Saved entries
= = = =

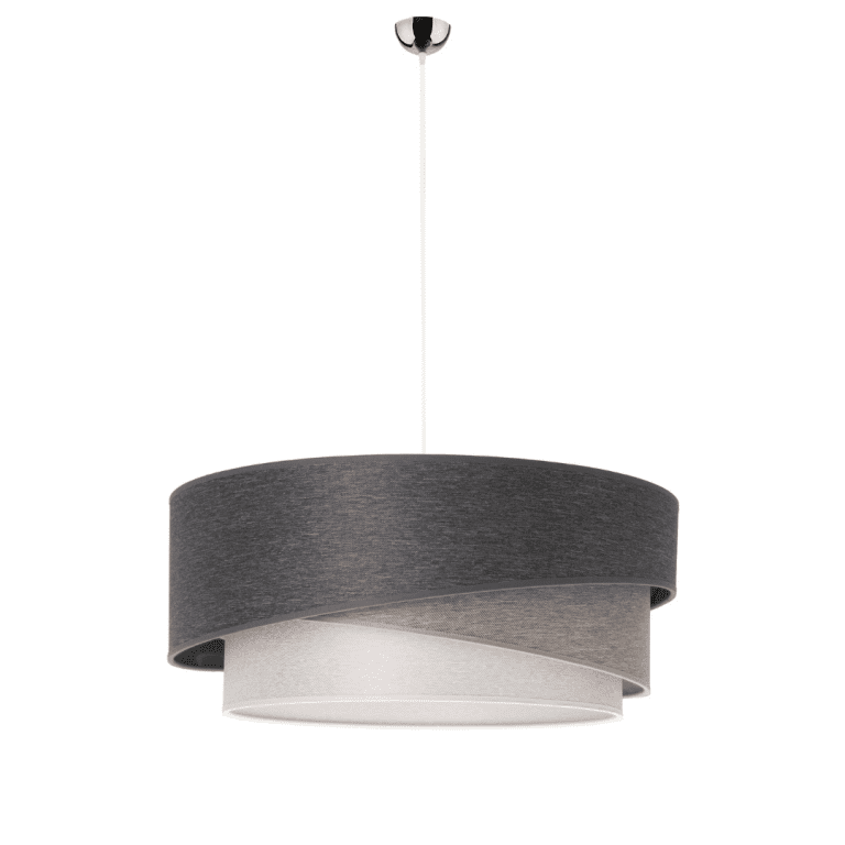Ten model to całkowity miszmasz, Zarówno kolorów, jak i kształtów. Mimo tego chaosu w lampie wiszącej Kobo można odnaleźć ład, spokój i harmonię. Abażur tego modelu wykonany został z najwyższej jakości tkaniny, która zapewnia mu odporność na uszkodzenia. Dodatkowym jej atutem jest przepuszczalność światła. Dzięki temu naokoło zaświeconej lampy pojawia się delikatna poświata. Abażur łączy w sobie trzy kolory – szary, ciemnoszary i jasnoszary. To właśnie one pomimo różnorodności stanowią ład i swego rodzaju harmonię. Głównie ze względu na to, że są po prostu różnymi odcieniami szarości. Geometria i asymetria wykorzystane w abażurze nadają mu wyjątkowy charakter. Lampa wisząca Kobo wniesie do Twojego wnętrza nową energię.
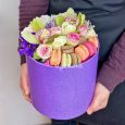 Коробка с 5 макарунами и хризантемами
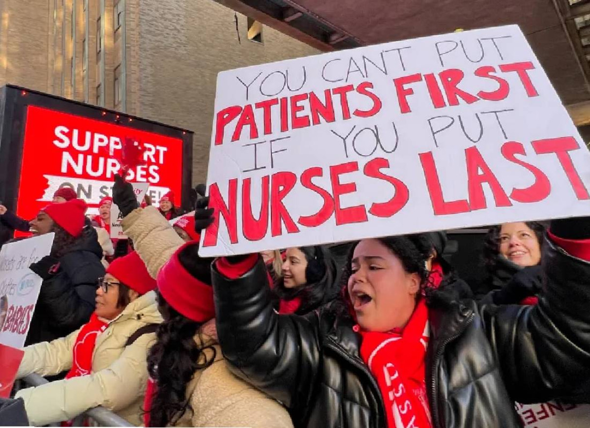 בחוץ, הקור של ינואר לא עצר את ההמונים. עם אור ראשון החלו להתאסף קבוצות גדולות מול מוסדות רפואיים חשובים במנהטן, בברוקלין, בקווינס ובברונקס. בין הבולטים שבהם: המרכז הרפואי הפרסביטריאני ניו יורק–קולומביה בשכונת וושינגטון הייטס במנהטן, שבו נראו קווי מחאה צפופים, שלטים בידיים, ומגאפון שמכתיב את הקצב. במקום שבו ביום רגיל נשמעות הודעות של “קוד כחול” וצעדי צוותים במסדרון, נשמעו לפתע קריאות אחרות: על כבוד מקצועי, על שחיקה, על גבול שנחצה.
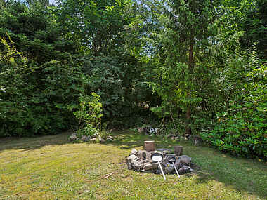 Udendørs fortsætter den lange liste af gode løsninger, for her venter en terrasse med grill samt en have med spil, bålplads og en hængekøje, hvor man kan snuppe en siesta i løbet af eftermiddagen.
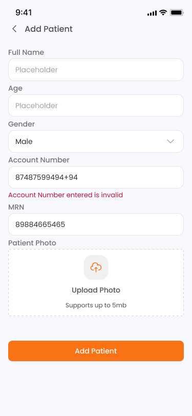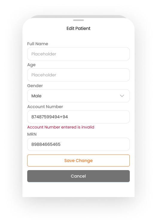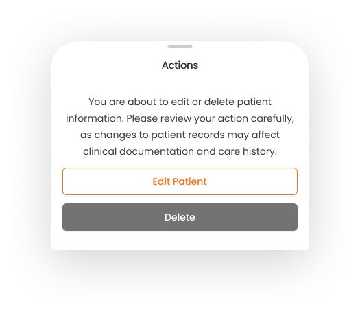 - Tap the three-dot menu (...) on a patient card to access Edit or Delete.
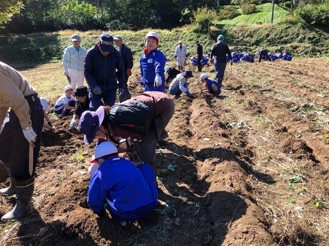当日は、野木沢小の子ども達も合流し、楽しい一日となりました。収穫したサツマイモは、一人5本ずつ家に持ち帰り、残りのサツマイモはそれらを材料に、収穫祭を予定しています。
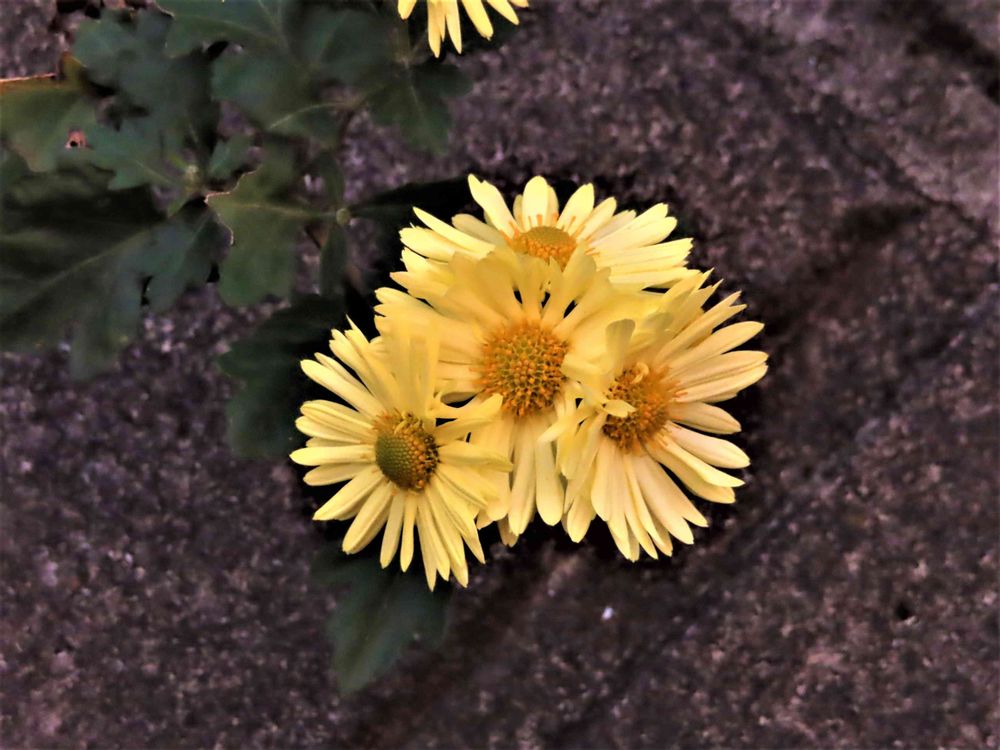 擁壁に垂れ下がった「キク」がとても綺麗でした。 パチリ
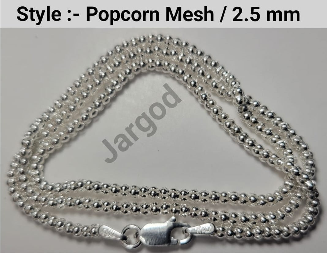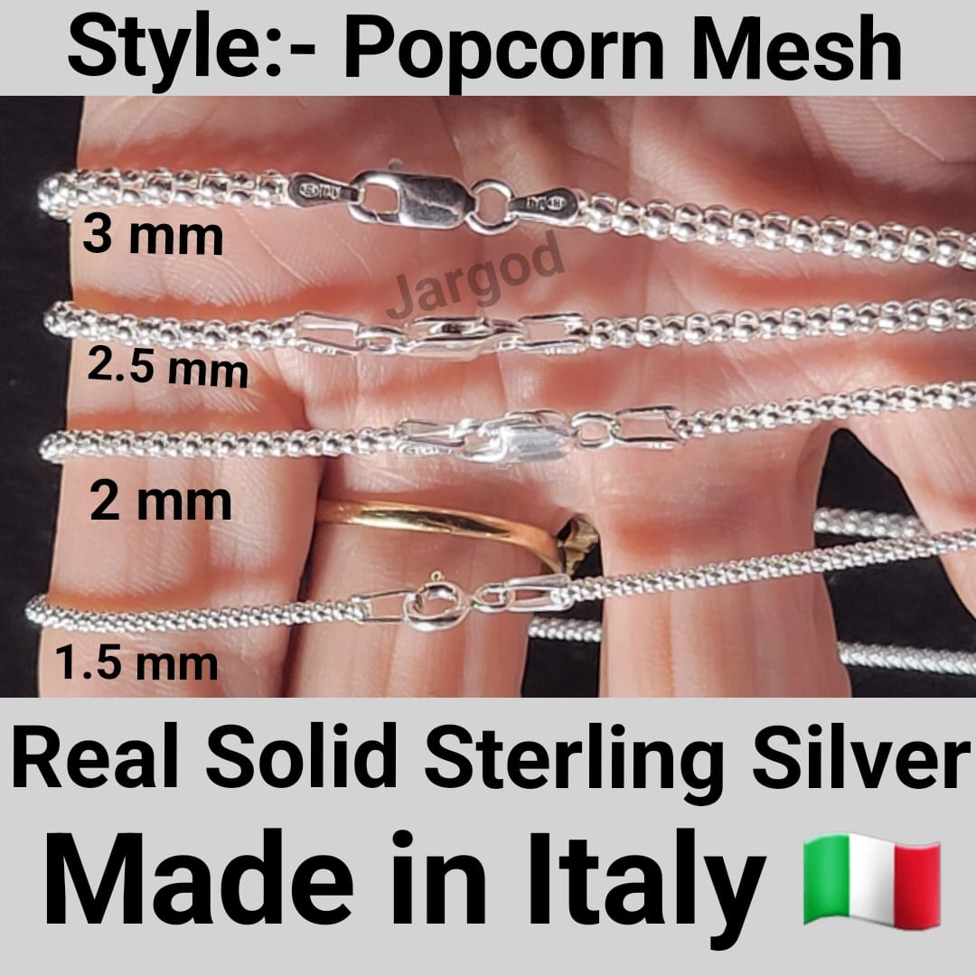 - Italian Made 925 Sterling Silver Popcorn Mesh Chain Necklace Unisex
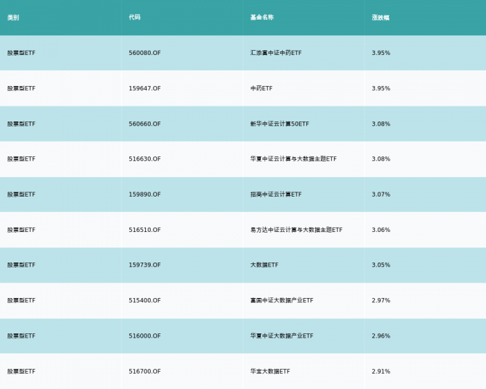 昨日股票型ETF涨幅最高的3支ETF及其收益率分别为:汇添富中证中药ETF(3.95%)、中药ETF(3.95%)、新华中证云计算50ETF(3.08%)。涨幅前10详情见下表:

= = = =

### Aim of the task
For this task, give again exactly the lines from the line with "בחוץ, הקור של" through the end of the entries, including both ends, and omit the pictures.

### Solved problem
 בחוץ, הקור של ינואר לא עצר את ההמונים. עם אור ראשון החלו להתאסף קבוצות גדולות מול מוסדות רפואיים חשובים במנהטן, בברוקלין, בקווינס ובברונקס. בין הבולטים שבהם: המרכז הרפואי הפרסביטריאני ניו יורק–קולומביה בשכונת וושינגטון הייטס במנהטן, שבו נראו קווי מחאה צפופים, שלטים בידיים, ומגאפון שמכתיב את הקצב. במקום שבו ביום רגיל נשמעות הודעות של “קוד כחול” וצעדי צוותים במסדרון, נשמעו לפתע קריאות אחרות: על כבוד מקצועי, על שחיקה, על גבול שנחצה.
 Udendørs fortsætter den lange liste af gode løsninger, for her venter en terrasse med grill samt en have med spil, bålplads og en hængekøje, hvor man kan snuppe en siesta i løbet af eftermiddagen.
 - Tap the three-dot menu (...) on a patient card to access Edit or Delete.
当日は、野木沢小の子ども達も合流し、楽しい一日となりました。収穫したサツマイモは、一人5本ずつ家に持ち帰り、残りのサツマイモはそれらを材料に、収穫祭を予定しています。
 擁壁に垂れ下がった「キク」がとても綺麗でした。 パチリ
 - Italian Made 925 Sterling Silver Popcorn Mesh Chain Necklace Unisex
 昨日股票型ETF涨幅最高的3支ETF及其收益率分别为:汇添富中证中药ETF(3.95%)、中药ETF(3.95%)、新华中证云计算50ETF(3.08%)。涨幅前10详情见下表:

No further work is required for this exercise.